[DATA]:
--
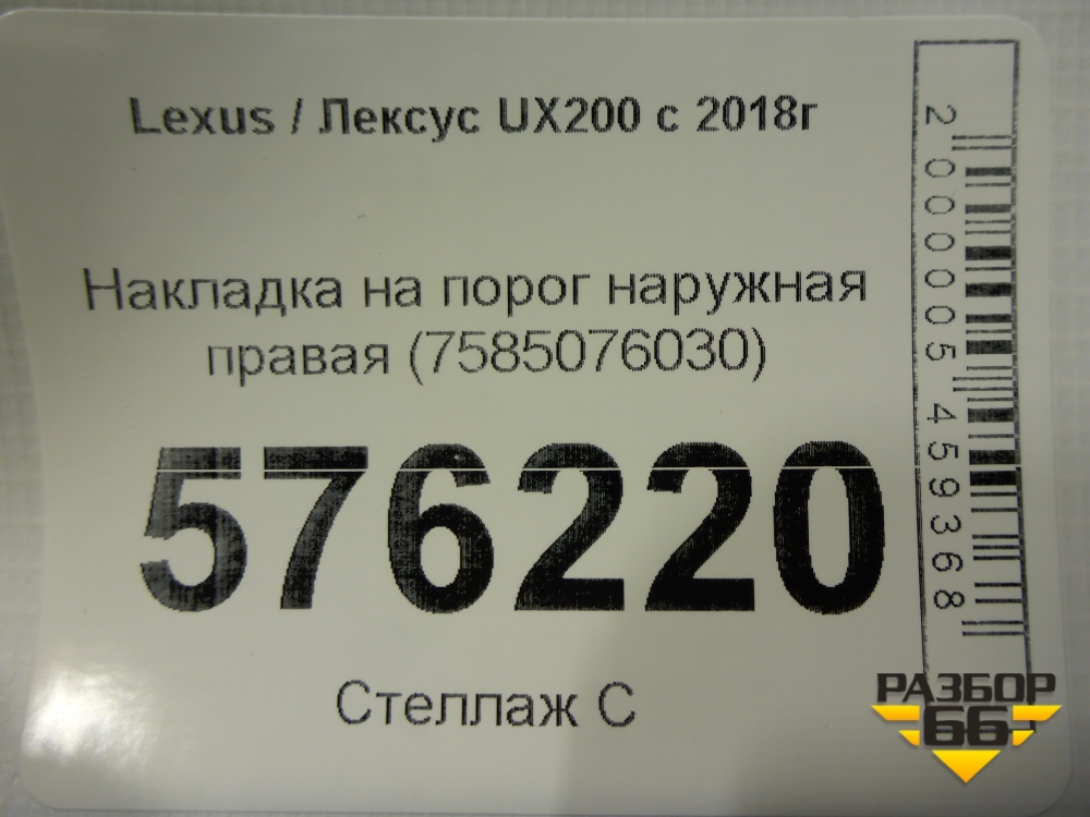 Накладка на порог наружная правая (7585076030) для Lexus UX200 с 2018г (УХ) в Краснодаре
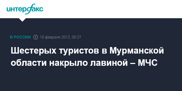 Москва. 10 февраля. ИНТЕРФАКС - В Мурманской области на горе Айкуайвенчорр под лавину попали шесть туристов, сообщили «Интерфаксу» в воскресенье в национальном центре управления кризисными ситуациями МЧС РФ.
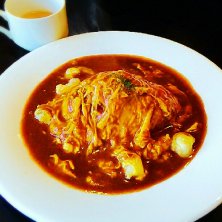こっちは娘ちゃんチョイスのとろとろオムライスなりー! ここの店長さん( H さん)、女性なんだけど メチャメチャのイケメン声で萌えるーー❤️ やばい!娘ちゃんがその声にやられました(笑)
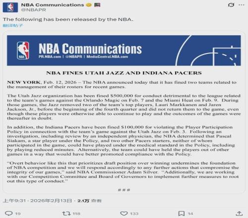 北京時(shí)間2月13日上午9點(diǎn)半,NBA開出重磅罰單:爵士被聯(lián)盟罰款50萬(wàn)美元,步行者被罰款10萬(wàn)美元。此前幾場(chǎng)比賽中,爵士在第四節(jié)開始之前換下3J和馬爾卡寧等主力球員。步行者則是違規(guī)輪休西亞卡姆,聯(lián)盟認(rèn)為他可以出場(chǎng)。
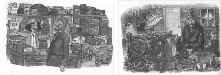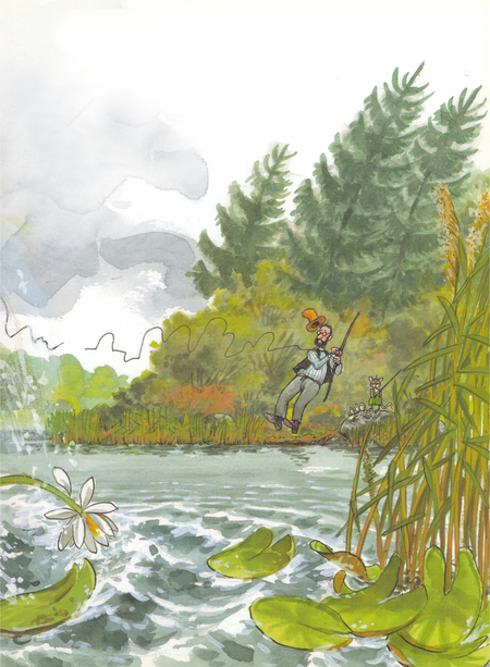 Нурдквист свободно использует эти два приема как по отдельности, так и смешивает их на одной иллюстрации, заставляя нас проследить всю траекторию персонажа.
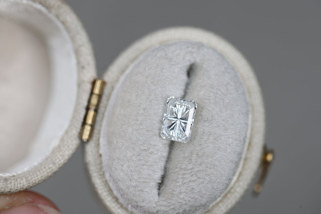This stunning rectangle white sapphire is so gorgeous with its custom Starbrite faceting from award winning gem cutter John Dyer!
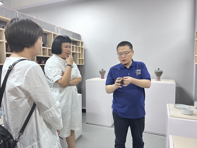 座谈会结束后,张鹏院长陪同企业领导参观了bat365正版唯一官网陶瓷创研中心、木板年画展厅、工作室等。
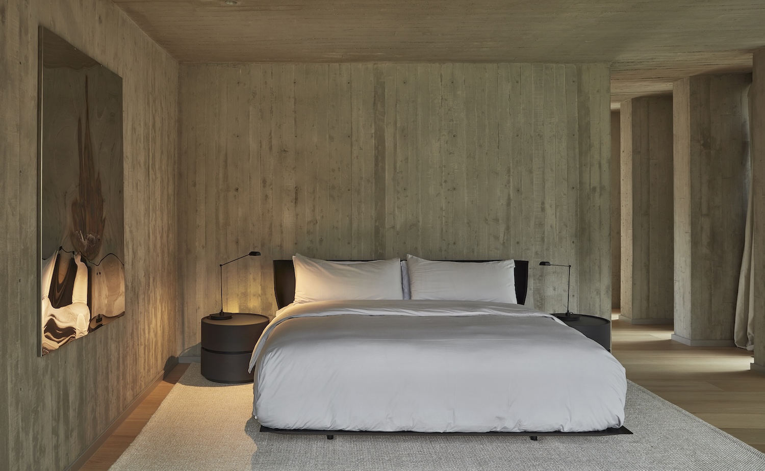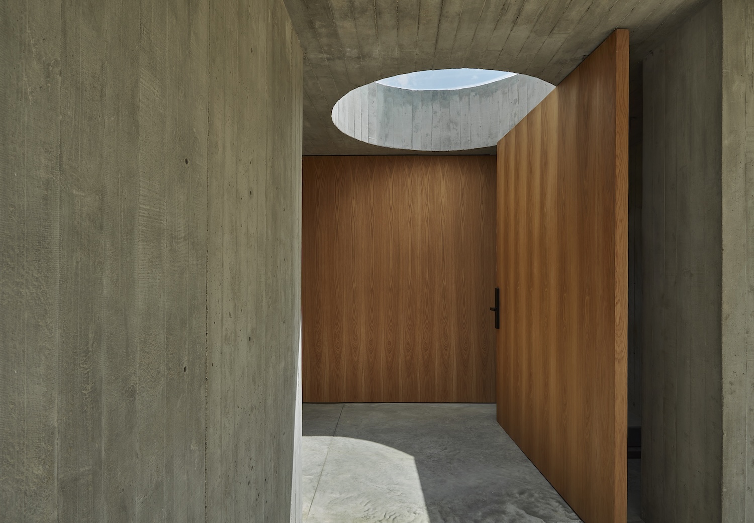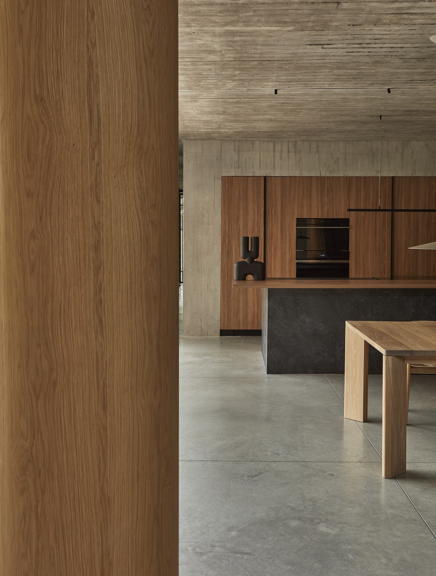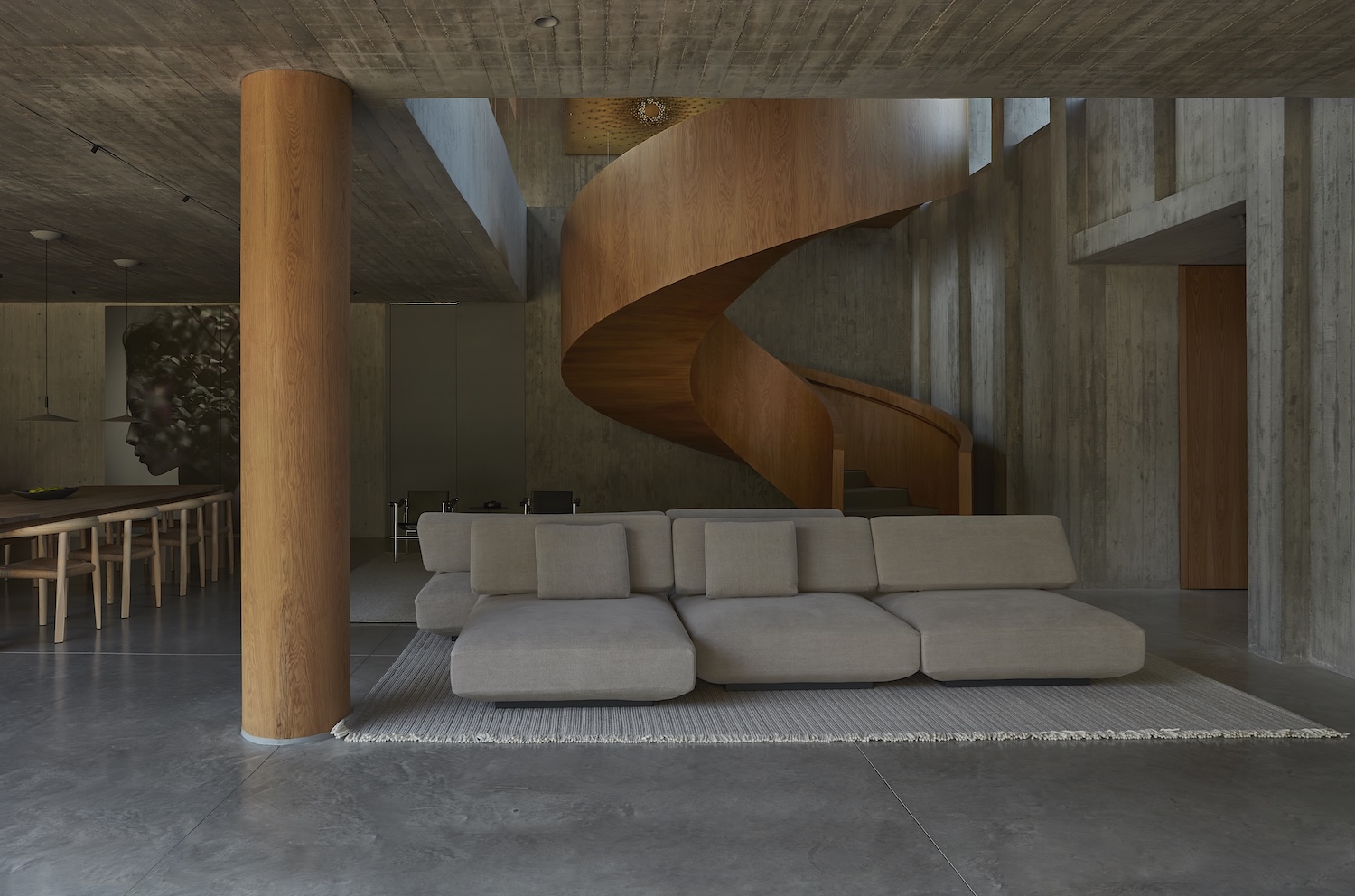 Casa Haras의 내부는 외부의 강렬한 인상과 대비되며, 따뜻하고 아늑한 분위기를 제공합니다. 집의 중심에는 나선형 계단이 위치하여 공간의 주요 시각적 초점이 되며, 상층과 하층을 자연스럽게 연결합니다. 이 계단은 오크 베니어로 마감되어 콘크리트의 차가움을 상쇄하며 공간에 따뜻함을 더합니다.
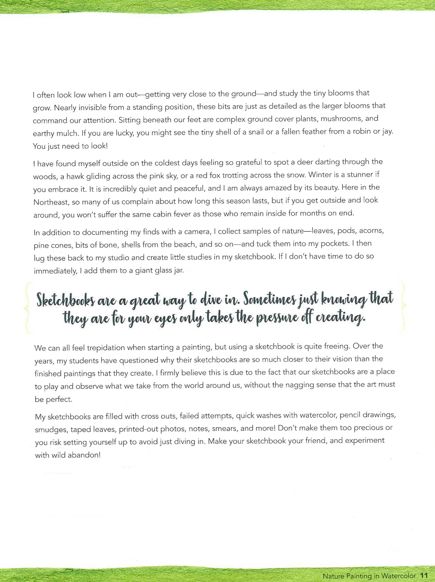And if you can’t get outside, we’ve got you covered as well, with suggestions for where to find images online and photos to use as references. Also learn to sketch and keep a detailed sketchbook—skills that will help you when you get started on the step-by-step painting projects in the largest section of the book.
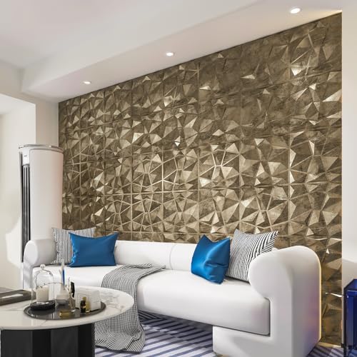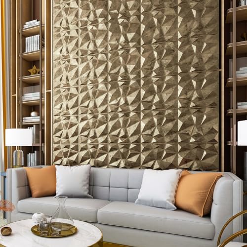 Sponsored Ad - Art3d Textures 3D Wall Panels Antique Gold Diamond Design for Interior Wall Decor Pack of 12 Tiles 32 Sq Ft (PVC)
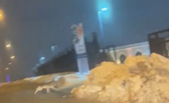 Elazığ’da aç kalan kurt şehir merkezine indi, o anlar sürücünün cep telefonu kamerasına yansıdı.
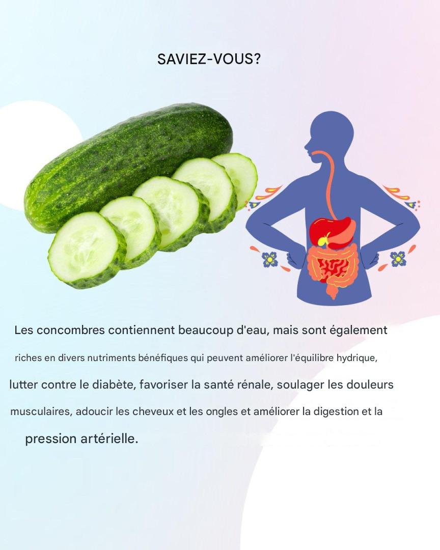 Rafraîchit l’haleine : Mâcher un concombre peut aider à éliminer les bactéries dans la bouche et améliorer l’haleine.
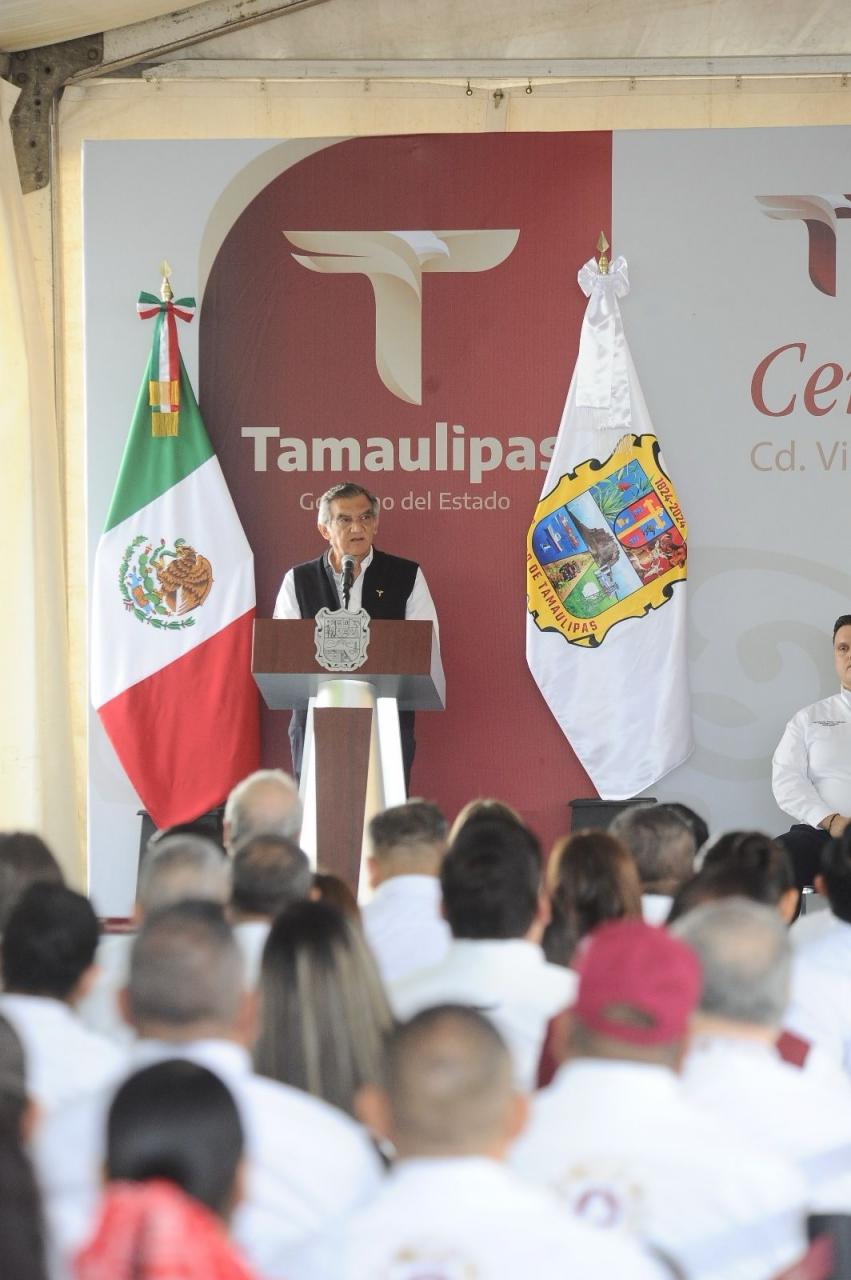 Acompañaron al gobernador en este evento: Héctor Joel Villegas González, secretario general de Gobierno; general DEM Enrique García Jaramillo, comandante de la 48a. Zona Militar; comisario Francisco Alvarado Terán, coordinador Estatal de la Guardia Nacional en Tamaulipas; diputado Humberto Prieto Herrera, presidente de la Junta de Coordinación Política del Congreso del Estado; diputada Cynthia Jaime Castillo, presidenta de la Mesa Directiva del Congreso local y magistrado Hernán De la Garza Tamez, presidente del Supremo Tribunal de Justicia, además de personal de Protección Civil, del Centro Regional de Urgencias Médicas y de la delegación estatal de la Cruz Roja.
--
Omit the pictures. Print, word for word, the lines from the beginning of the entries above through the line that holds "Rafraîchit l’haleine : Mâcher".

 Накладка на порог наружная правая (7585076030) для Lexus UX200 с 2018г (УХ) в Краснодаре
 Москва. 10 февраля. ИНТЕРФАКС - В Мурманской области на горе Айкуайвенчорр под лавину попали шесть туристов, сообщили «Интерфаксу» в воскресенье в национальном центре управления кризисными ситуациями МЧС РФ.
こっちは娘ちゃんチョイスのとろとろオムライスなりー! ここの店長さん( H さん)、女性なんだけど メチャメチャのイケメン声で萌えるーー❤️ やばい!娘ちゃんがその声にやられました(笑)
 北京時(shí)間2月13日上午9點(diǎn)半,NBA開出重磅罰單:爵士被聯(lián)盟罰款50萬(wàn)美元,步行者被罰款10萬(wàn)美元。此前幾場(chǎng)比賽中,爵士在第四節(jié)開始之前換下3J和馬爾卡寧等主力球員。步行者則是違規(guī)輪休西亞卡姆,聯(lián)盟認(rèn)為他可以出場(chǎng)。
 Нурдквист свободно использует эти два приема как по отдельности, так и смешивает их на одной иллюстрации, заставляя нас проследить всю траекторию персонажа.
This stunning rectangle white sapphire is so gorgeous with its custom Starbrite faceting from award winning gem cutter John Dyer!
 座谈会结束后,张鹏院长陪同企业领导参观了bat365正版唯一官网陶瓷创研中心、木板年画展厅、工作室等。
 Casa Haras의 내부는 외부의 강렬한 인상과 대비되며, 따뜻하고 아늑한 분위기를 제공합니다. 집의 중심에는 나선형 계단이 위치하여 공간의 주요 시각적 초점이 되며, 상층과 하층을 자연스럽게 연결합니다. 이 계단은 오크 베니어로 마감되어 콘크리트의 차가움을 상쇄하며 공간에 따뜻함을 더합니다.
And if you can’t get outside, we’ve got you covered as well, with suggestions for where to find images online and photos to use as references. Also learn to sketch and keep a detailed sketchbook—skills that will help you when you get started on the step-by-step painting projects in the largest section of the book.
 Sponsored Ad - Art3d Textures 3D Wall Panels Antique Gold Diamond Design for Interior Wall Decor Pack of 12 Tiles 32 Sq Ft (PVC)
 Elazığ’da aç kalan kurt şehir merkezine indi, o anlar sürücünün cep telefonu kamerasına yansıdı.
 Rafraîchit l’haleine : Mâcher un concombre peut aider à éliminer les bactéries dans la bouche et améliorer l’haleine.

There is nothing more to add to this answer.